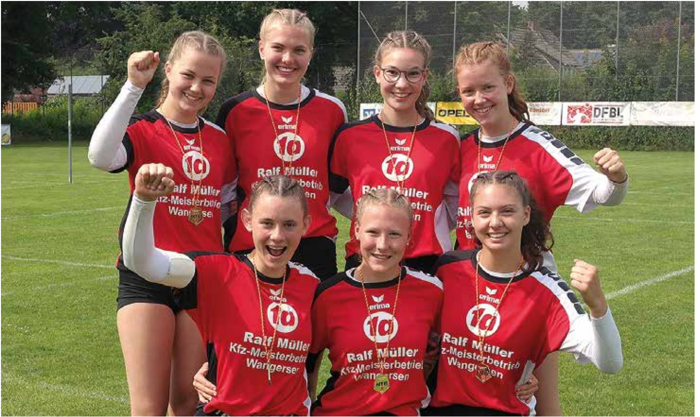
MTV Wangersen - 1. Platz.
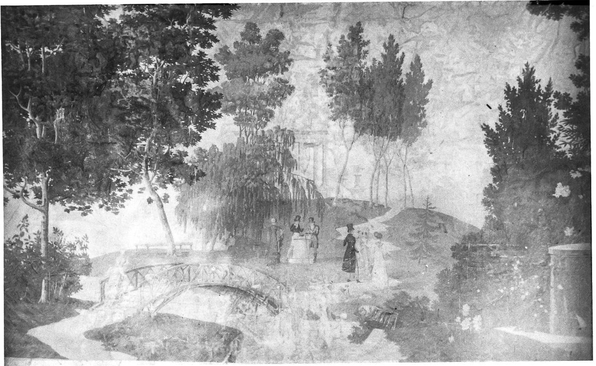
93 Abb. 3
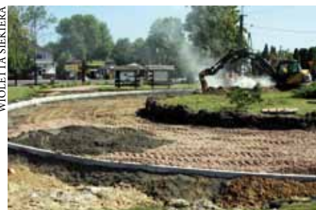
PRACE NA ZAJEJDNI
---
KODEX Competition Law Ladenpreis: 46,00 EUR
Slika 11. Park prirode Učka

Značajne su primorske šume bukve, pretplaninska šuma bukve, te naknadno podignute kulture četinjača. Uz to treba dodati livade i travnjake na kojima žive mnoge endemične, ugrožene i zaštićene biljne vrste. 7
...
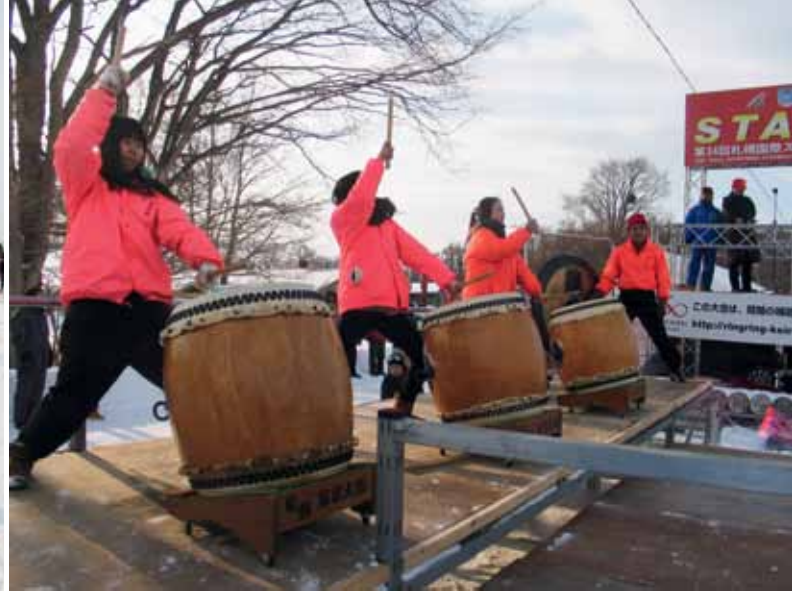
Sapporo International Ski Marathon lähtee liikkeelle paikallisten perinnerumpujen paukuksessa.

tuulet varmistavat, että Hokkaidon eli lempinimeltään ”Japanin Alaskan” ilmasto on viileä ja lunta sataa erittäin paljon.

YOUR OBJECTIVE
From the records above, copy only the lines starting with the line that holds "Slika 11. Park prirode Učka" and going on through the line that holds "Značajne su primorske", exactly as written.

OUTPUT BELOW
Slika 11. Park prirode Učka

Značajne su primorske šume bukve, pretplaninska šuma bukve, te naknadno podignute kulture četinjača. Uz to treba dodati livade i travnjake na kojima žive mnoge endemične, ugrožene i zaštićene biljne vrste. 7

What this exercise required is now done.